A phylogenetic tree of Dicer-like proteins, constructed based on the alignment of the dual RNaseIII domains, did no allow resolving the relationship among most of these proteins (Fig. 3). This is likely a reflection of the lower sequence (and domain structure) conservation of Dicer-like proteins relative to Ago-Piwi and RdRP polypeptides. However, the animal and plant Dicer-like sequences form a well-supported cluster and appear to be orthologous (Fig. 3). Interestingly, plant Dicer-like sequences underwent significant expansion largely prior to the divergence of monocots and dicots. In contrast, most animals appear to encode a single Dicer sequence, with the exception of insects that contain two. Whereas insect Dcr1 clusters with all other animal Dicers, Dcr2 is much more divergent and forms a paralogous clade (Fig. 3). Intriguingly, insect Ago2 is also much more divergent than Ago1 and does not cluster with most other animal Argonaute-like proteins (the Ago1 clade) (Fig. 2). It remains unclear whether this reflects an ancient RNAi pathway duplication in the animal lineage that was retained only in insects and/or the fast evolution of certain duplicated sequences within the insect lineage. Although a recent report suggests that D. melanogaster Dcr2 and Ago2 are among the fastest evolving genes in this organism, perhaps as a result of a coevolutionary ‘arms race’ with viral pathogens (Obbard et al. 2006).

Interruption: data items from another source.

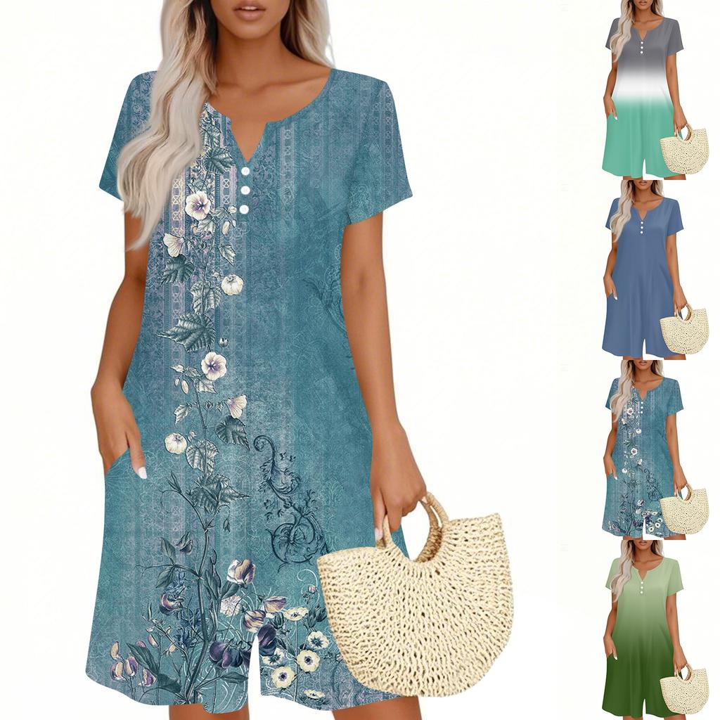 Womens Casual Short Sleeve Jumpsuit Fashion Top Jumpsuit Shorts Rompers With Pockets — buy online with free worldwide shipping!
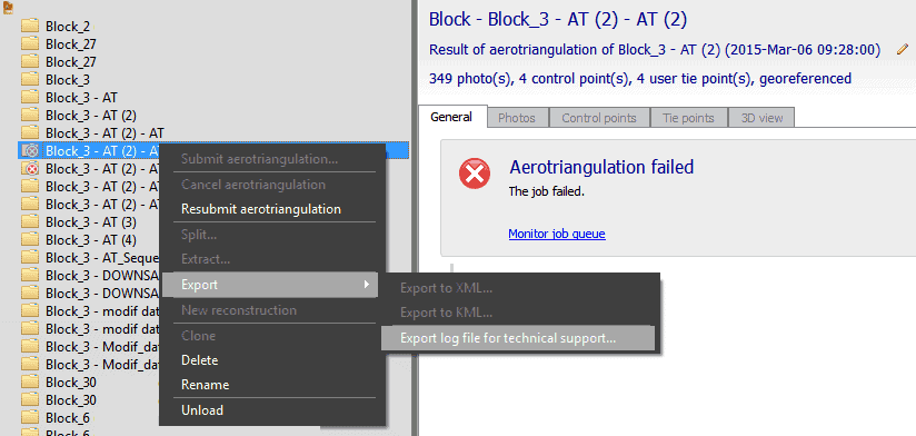 1. Votre processus d’aérotriangulation a échoué et vous ne savez pas pourquoi. Vous devrez exporter le fichier journal et l’envoyer à l’équipe de support Bentley iTwin Capture Modeler.
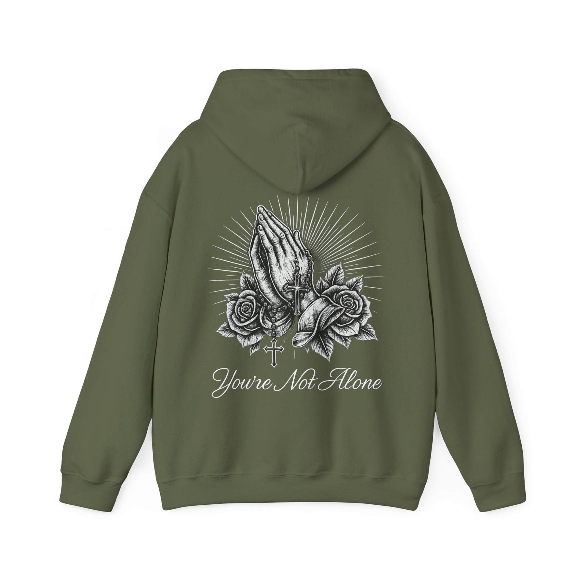 The Praying Hands Hoodie features a detailed, hand-drawn illustration inspired by classic religious and tattoo-style artwork. Centered around prayer, roses, and radiant light, this design represents strength through struggle and the reminder that you’re not alone, even in your hardest moments.
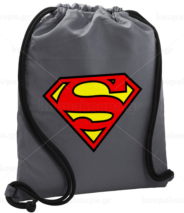 Superman vintage, Τσάντα πλάτης πουγκί GYMBAG ΓΚΡΙ, με τσέπη (40x48cm) & χονδρά κορδόνια
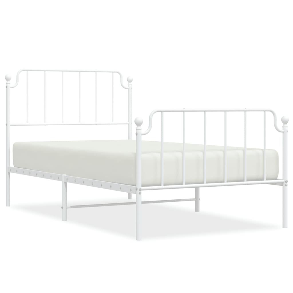 vidaXL gultas rāmis ar galvgali un kājgali, balts metāls, 100x190 cm
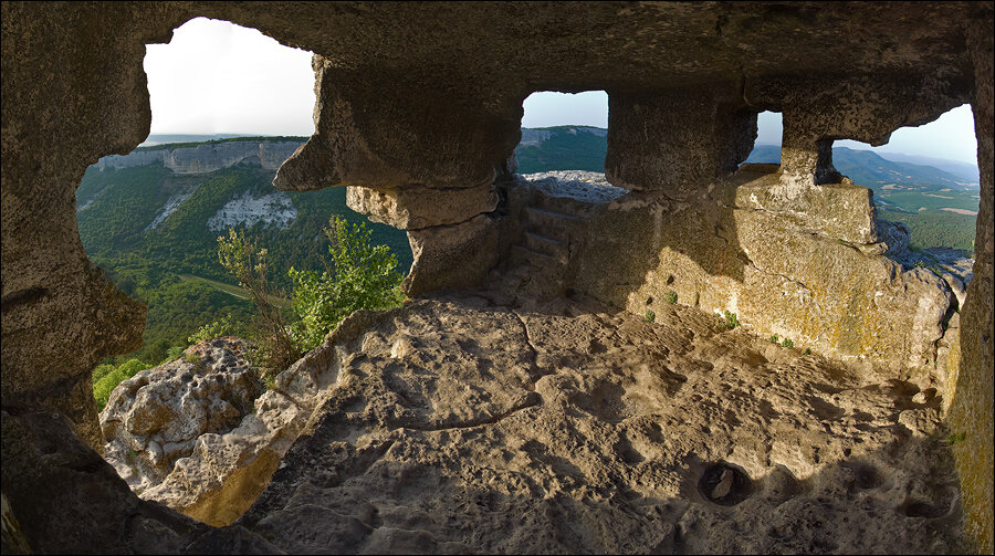 Мы же вылезем из скального монастыря, ещё раз полюбуемся бескрайним простором с отвесного обрыва Дырявого мыса, да обратим внимание, что на небольшой треугольной в плане площадке, расположенной на самой оконечности мыса, заметны высеченные в скале «постели» для каменной кладки. Здесь когда-то возвышалась башня, которая являлась частью сложного дозорно-оборонительного комплекса, от которого сохранились только внутрискальные помещения, а это — целый комплекс пещер, своеобразная визитная карточка Мангупа.
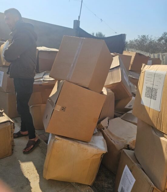 الهيئة الأهلية الفلسطينية توزع كراتين منظفات على النازحين بالتعاون مع مؤسسة أنيرا
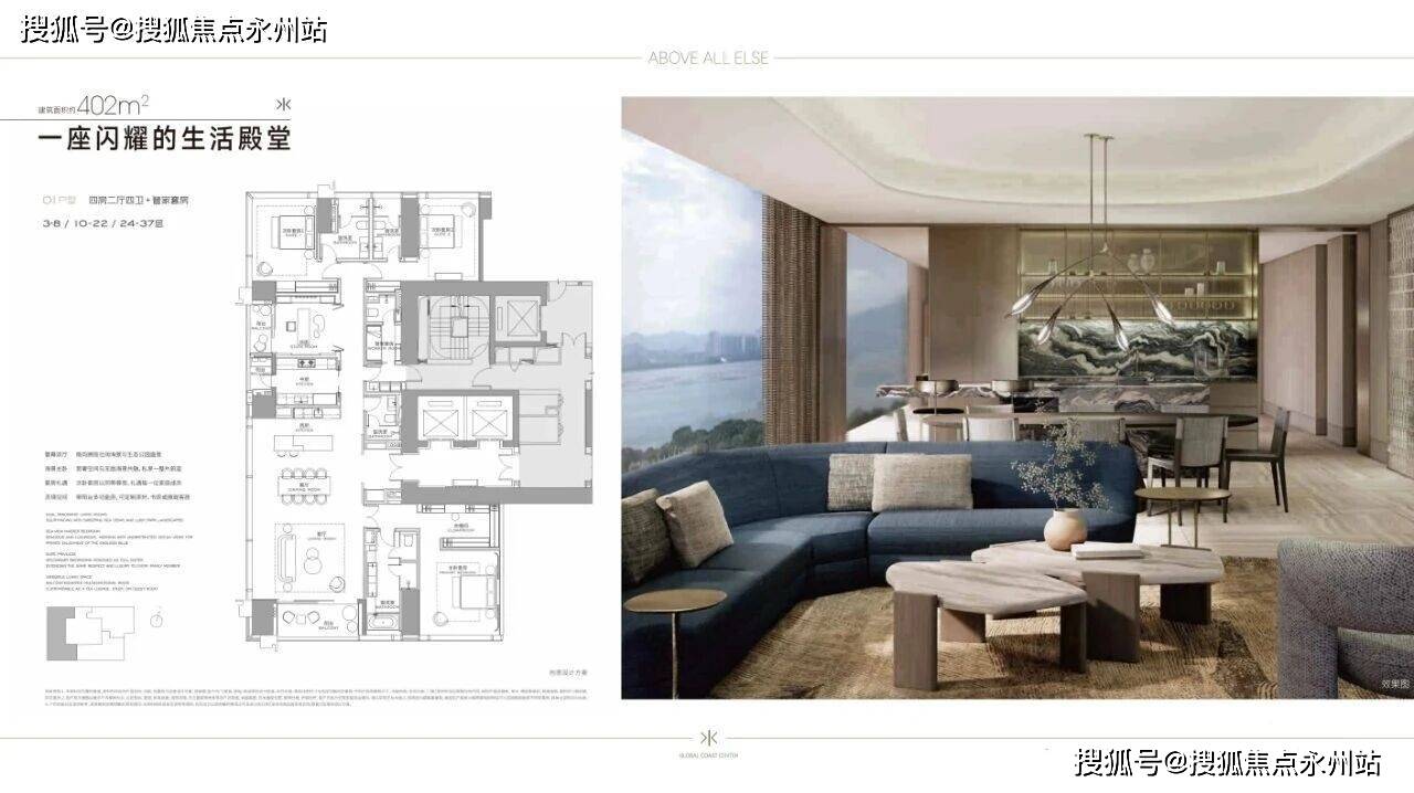 大平层公寓:预计单价区间为15-20万/㎡,总价门槛3000万起。其中主力户型集中在250-380㎡,对应总价范围约3750万-7600万;而1000㎡的顶级大平层产品,总价预计将突破1.5亿元,主要面向全球顶尖企业主及高净值家庭。
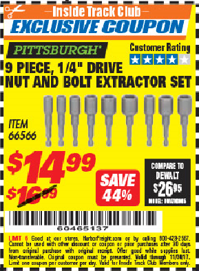 ITC 9 PIECE, 1/4" DRIVE NUT AND BOLT EXTRACTOR SET Lot No. 66566 Expired: 11/30/17 - $14.99 Coupon Code: '60465137'

A monophyletic origin of animal and plant Dicers is also supported by the comparable domain organization of their sequences (Fig. 1). Moreover, if the eukaryotic tree is truly rooted between unikonts and dikonts, as already discussed, one of the ancestral forms of Dicer may have been similar to the multidomain protein now present in animals and plants. Domain deletion/truncation, domain fusion, as well as sequence divergence could explain the more variable Dicer-like proteins found in other living organisms (which contain various combinations of some of the putative ancestral motifs) (Fig. 1). However, a polyphyletic origin of Dicer-like sequences, and, potentially, the existence of more than one Dicer form in the eukaryotic ancestor, cannot be statistically ruled out (Fig. 3). Interestingly, Drosha, another type of RNaseIII enzyme involved in RNAi via the processing of miRNA precursors in animals (Bartel 2004; Wienholds and Plasterk 2005; Zamore and Haley 2005), is absent from the genome of all other eukaryotes examined (data not shown). Drosha polypeptides form an outgroup with respect to plant and animal Dicers and they seem to be somewhat better related (albeit weakly) to eubacterial RNaseIII enzymes (Fig. 3). Thus, this type of protein may have evolved, independently from Dicer, in the animal lineage.
RdRPs are not as widely distributed among eukaryotes as Ago-Piwi and Dicer-like sequences but a phylogenetic tree, constructed by aligning the RdRP domains, supports the monophyletic origin of the proteins found in C. elegans, fungi, Amoebozoa, P. tetraurelia, and a subset of plant RdRPs (Fig. 4). However, the evolutionary relationships among some of these polypeptides as well as the grouping of the G. intestinalis RdRP are not well defined. Besides the already discussed caveats associated with our analyses, the topology of the RdRP tree might also be affected by more prevalent lineage-specific losses of some of these proteins. For instance, there is experimental evidence that A. nidulans has lost, via DNA sequence degeneration, the putative ortholog of the N. crassa RdRP Qde-1 (Hammond and Keller 2005). Intriguingly, plants also contain a subset of RdRPs (including A. thaliana Rdr3, Rdr4, and Rdr5) that behaves as an outgroup to all other RdRPs (Fig. 4). Thus, a parsimonious interpretation of the data is consistent with the existence of at least one RdRP in the common eukaryotic ancestor, but the origin of the subset of more divergent plant RdRPs remains uncertain.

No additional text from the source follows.